▶ [The problem] Nothing after the line with "全般タブで、ユーザーがログオ" belongs in the copy; extract the lines below from the top through that line, pictures left out.

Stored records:
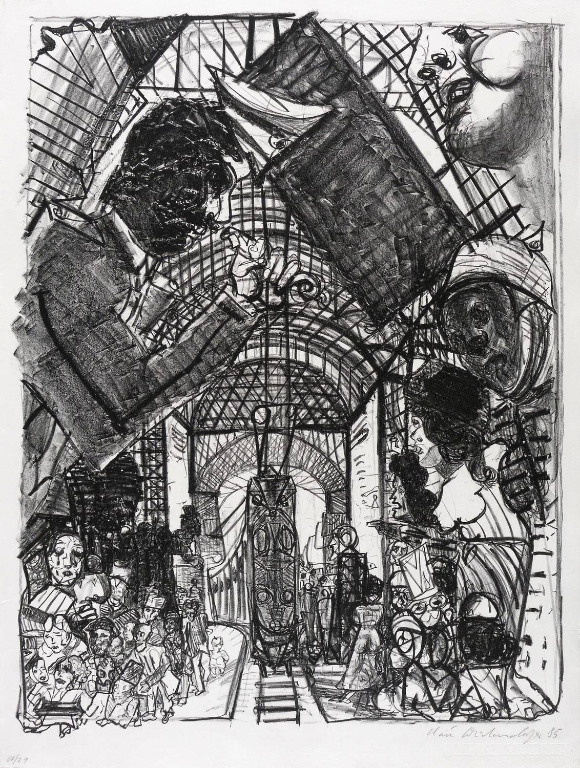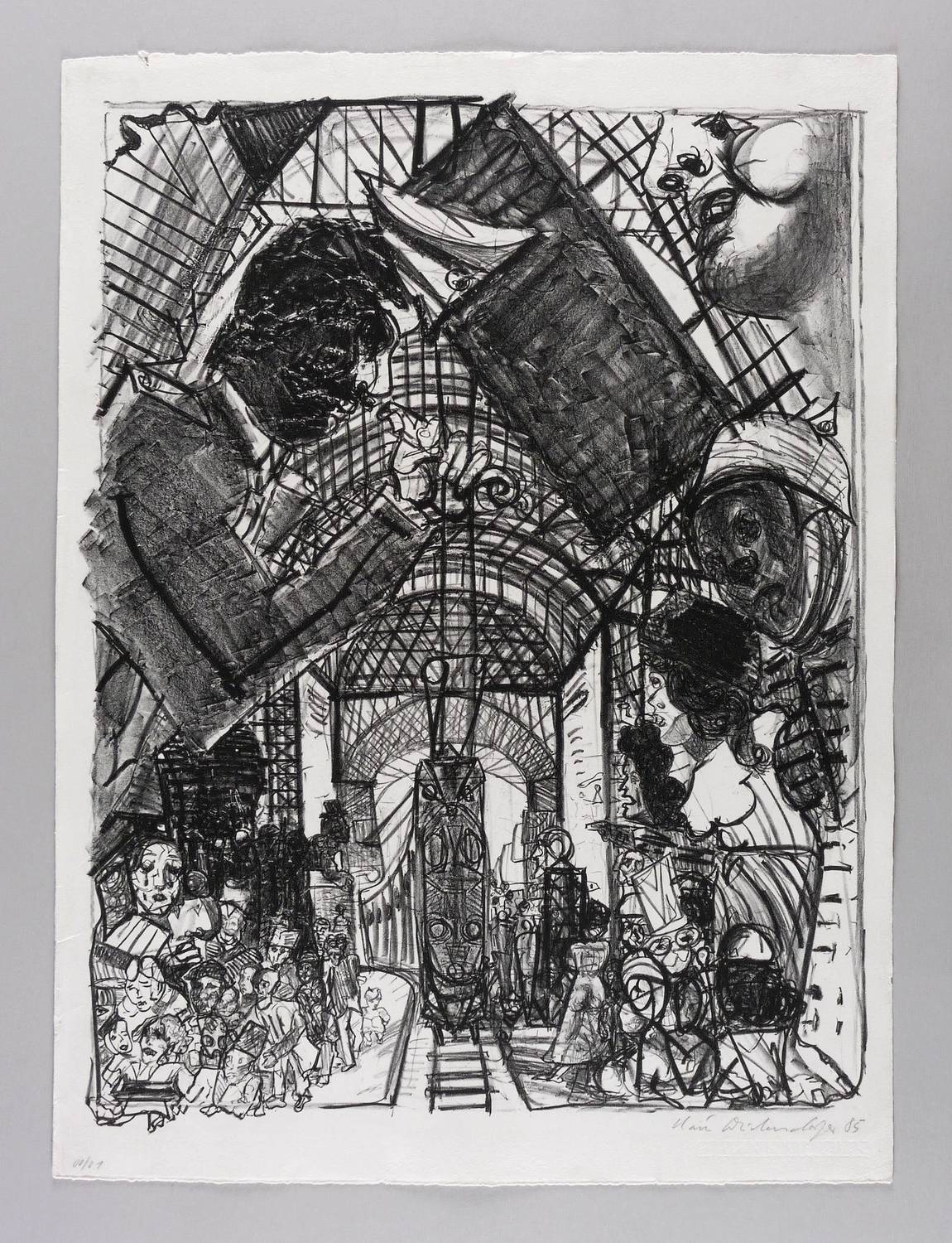 1985. Lithografie / Kreidelithografie, in Schwarz, auf hellchamois Hahnemühle. – Originale Künstlergrafik, von Claus Weidensdorfer. – Auflage Exemplar Nr. 0/21 (Druckerexemplar). – 64,5 x 50,0 cm (Darstellung / Druckbild), 72 x 53 cm (Blatt).
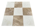 Introduce natural charm and timeless style with our Checkerboard Crema Marfil and Emperador Light Marble Tiles. This 12x12 tile design pairs the soft beige tones of Crema Marfil with the warm, mocha veining of Emperador Light marble. A balanced and inviting checkerboard layout ideal for both traditional and transitional interiors.
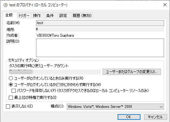 全般タブで、ユーザーがログオンしているかどうかに関わらず実行するを選択し、OKをクリックします。
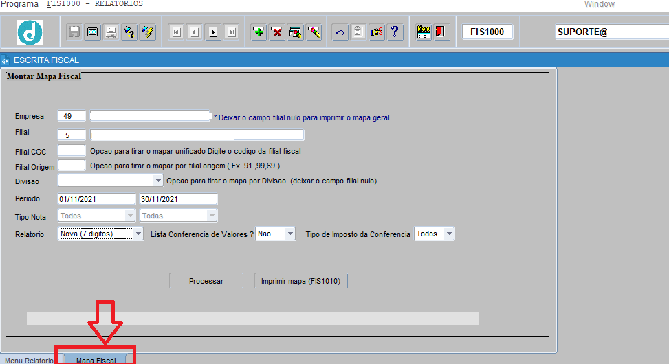 Essa aba traz o relatório mais utilizado junto ao fiscal, é com a geração do mapa fiscal é que possível conferir os Cfop’s, créditos e débitos fiscais e informações cadastrais do cliente e do fornecedor, é com o mapa fiscal que é possível apurar impostos, e também efetuar a conferência junto as obrigações acessórias, SPED FISCAL, CONTRIBUIÇÕES e GIA. Tal relatório é também muito utilizado pela contabilidade, para conferencia a conciliação dos cfops com as contas contábeis.
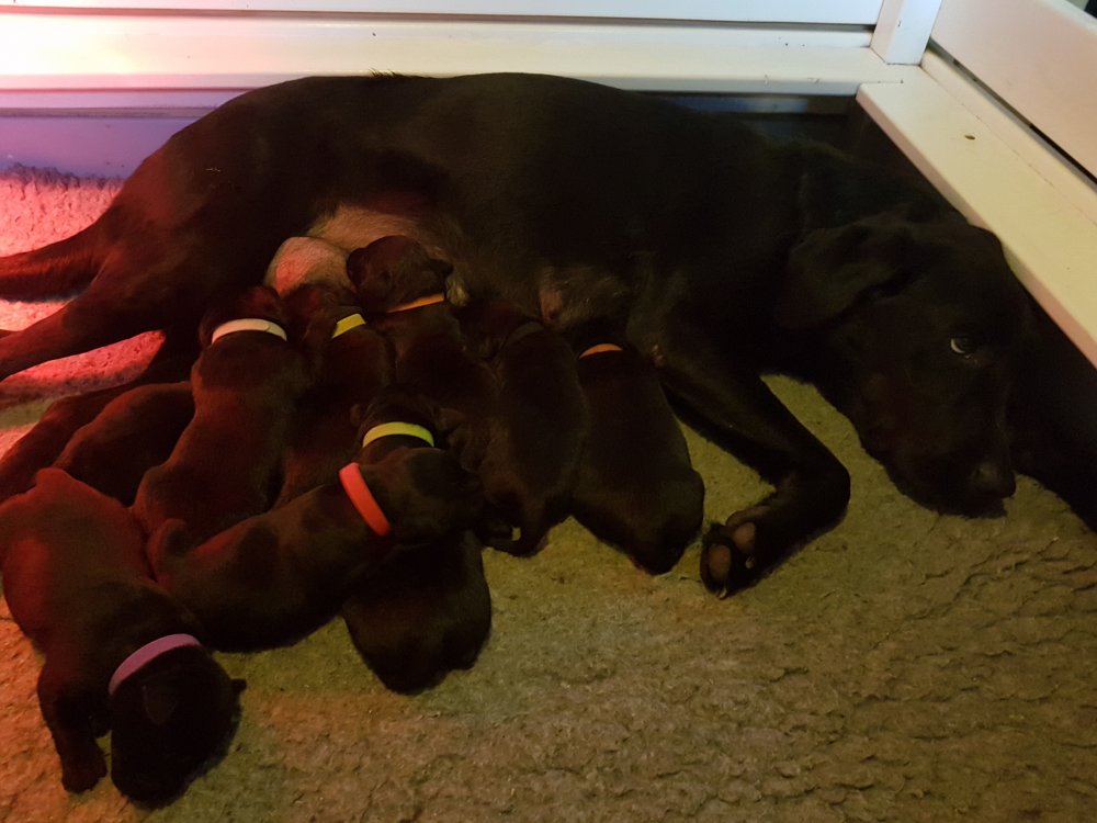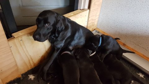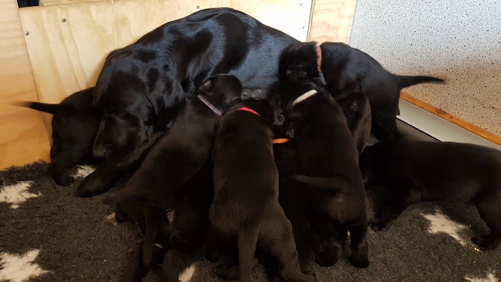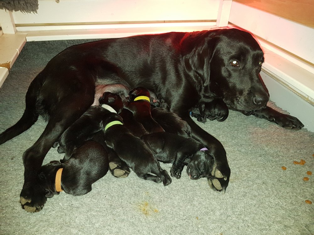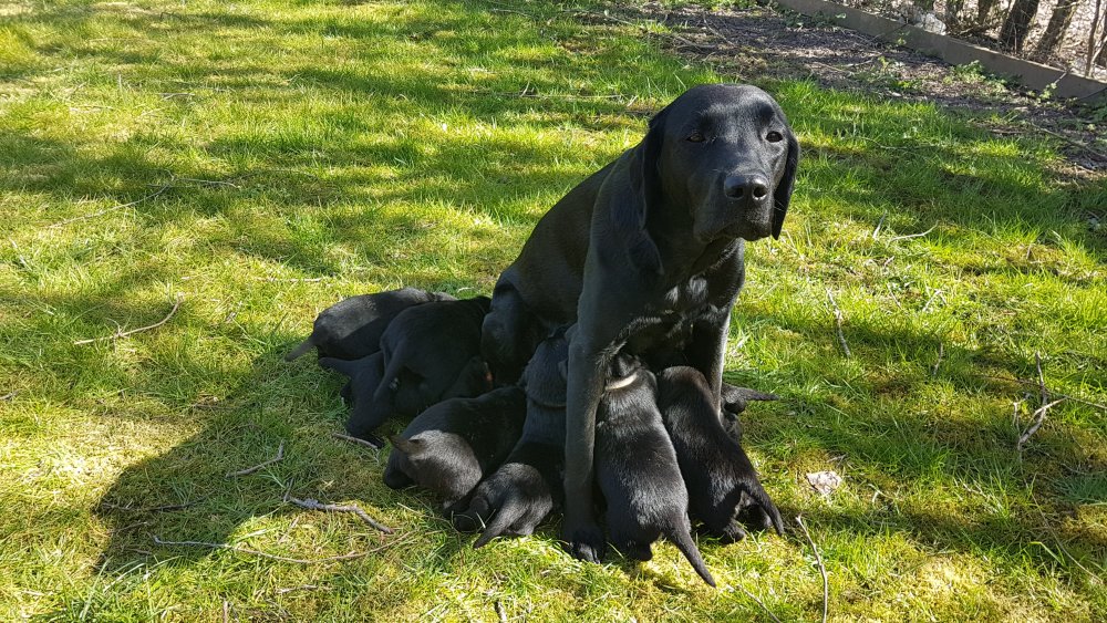 Nata med sine 9 små hvalpe.
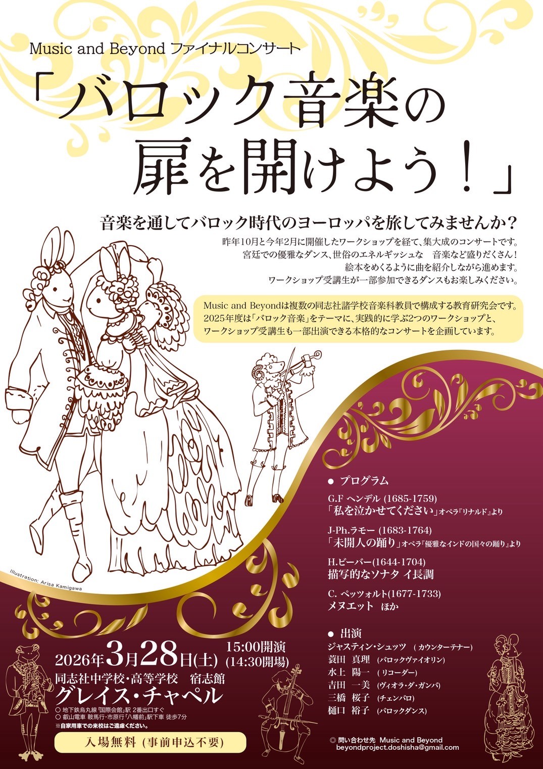 昨年10月のバロック楽器、2月のバロックダンス両体験ワークショプを踏まえての2025年度同志社諸学校音楽教員によるファイルコンサート。場所は京都市岩倉の同志社中学高等学校。響きの良いグレイスチャペルでの古楽器によるバロックコンサートです。バロック時代の宮廷や世俗の音楽、古楽器の音色を楽しんでいただければと思います。どなたでも自由にお越しください。
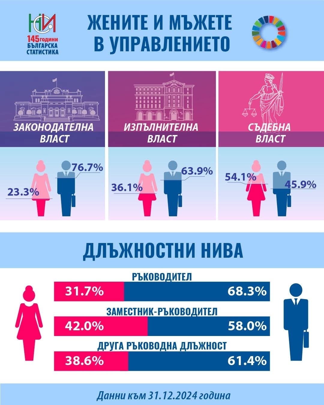 Към 31 декември 2024 г. най-висок дял на жени на ръководни позиции се наблюдава в съдебната власт – 54,1%, докато най-нисък е делът им в законодателната власт – 23,3%.

▶ [Output below]
 1985. Lithografie / Kreidelithografie, in Schwarz, auf hellchamois Hahnemühle. – Originale Künstlergrafik, von Claus Weidensdorfer. – Auflage Exemplar Nr. 0/21 (Druckerexemplar). – 64,5 x 50,0 cm (Darstellung / Druckbild), 72 x 53 cm (Blatt).
 Introduce natural charm and timeless style with our Checkerboard Crema Marfil and Emperador Light Marble Tiles. This 12x12 tile design pairs the soft beige tones of Crema Marfil with the warm, mocha veining of Emperador Light marble. A balanced and inviting checkerboard layout ideal for both traditional and transitional interiors.
 全般タブで、ユーザーがログオンしているかどうかに関わらず実行するを選択し、OKをクリックします。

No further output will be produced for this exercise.